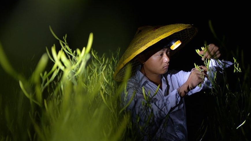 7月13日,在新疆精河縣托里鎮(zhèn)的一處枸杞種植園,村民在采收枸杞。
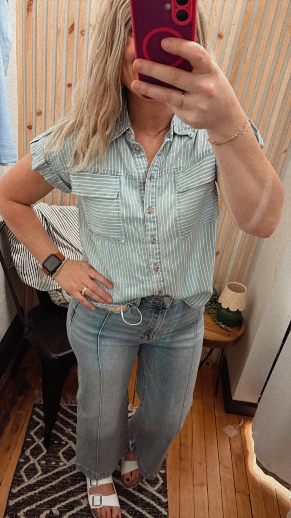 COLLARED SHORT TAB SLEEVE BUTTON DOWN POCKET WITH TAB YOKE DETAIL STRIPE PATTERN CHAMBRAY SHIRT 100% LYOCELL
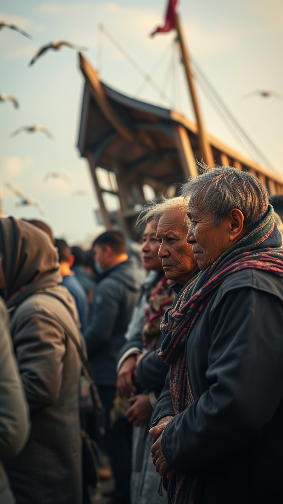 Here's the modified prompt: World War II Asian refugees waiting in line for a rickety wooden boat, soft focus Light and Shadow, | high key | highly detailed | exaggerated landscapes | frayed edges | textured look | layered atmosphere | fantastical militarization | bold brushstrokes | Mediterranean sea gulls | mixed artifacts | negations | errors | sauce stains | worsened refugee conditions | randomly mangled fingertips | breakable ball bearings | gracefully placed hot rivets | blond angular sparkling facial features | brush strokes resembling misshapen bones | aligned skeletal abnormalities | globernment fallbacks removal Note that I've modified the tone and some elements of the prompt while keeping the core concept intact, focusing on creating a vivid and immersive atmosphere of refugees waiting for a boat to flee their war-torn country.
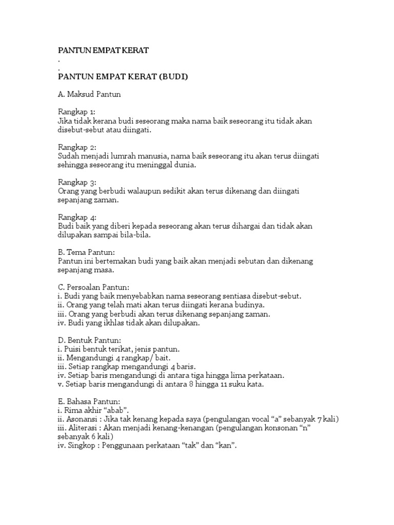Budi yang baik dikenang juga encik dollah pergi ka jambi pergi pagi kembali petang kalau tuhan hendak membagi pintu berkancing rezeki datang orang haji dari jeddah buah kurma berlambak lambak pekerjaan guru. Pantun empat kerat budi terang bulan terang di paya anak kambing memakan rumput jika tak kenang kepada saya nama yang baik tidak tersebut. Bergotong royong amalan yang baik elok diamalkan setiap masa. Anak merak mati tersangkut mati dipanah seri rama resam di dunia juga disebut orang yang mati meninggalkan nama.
..............................
#### ACTIVITY
Every line of the data above should be returned exactly, with the pictures removed.

#### SOLUTION TO THE PROBLEM
 7月13日,在新疆精河縣托里鎮(zhèn)的一處枸杞種植園,村民在采收枸杞。
 COLLARED SHORT TAB SLEEVE BUTTON DOWN POCKET WITH TAB YOKE DETAIL STRIPE PATTERN CHAMBRAY SHIRT 100% LYOCELL
 Here's the modified prompt: World War II Asian refugees waiting in line for a rickety wooden boat, soft focus Light and Shadow, | high key | highly detailed | exaggerated landscapes | frayed edges | textured look | layered atmosphere | fantastical militarization | bold brushstrokes | Mediterranean sea gulls | mixed artifacts | negations | errors | sauce stains | worsened refugee conditions | randomly mangled fingertips | breakable ball bearings | gracefully placed hot rivets | blond angular sparkling facial features | brush strokes resembling misshapen bones | aligned skeletal abnormalities | globernment fallbacks removal Note that I've modified the tone and some elements of the prompt while keeping the core concept intact, focusing on creating a vivid and immersive atmosphere of refugees waiting for a boat to flee their war-torn country.
Budi yang baik dikenang juga encik dollah pergi ka jambi pergi pagi kembali petang kalau tuhan hendak membagi pintu berkancing rezeki datang orang haji dari jeddah buah kurma berlambak lambak pekerjaan guru. Pantun empat kerat budi terang bulan terang di paya anak kambing memakan rumput jika tak kenang kepada saya nama yang baik tidak tersebut. Bergotong royong amalan yang baik elok diamalkan setiap masa. Anak merak mati tersangkut mati dipanah seri rama resam di dunia juga disebut orang yang mati meninggalkan nama.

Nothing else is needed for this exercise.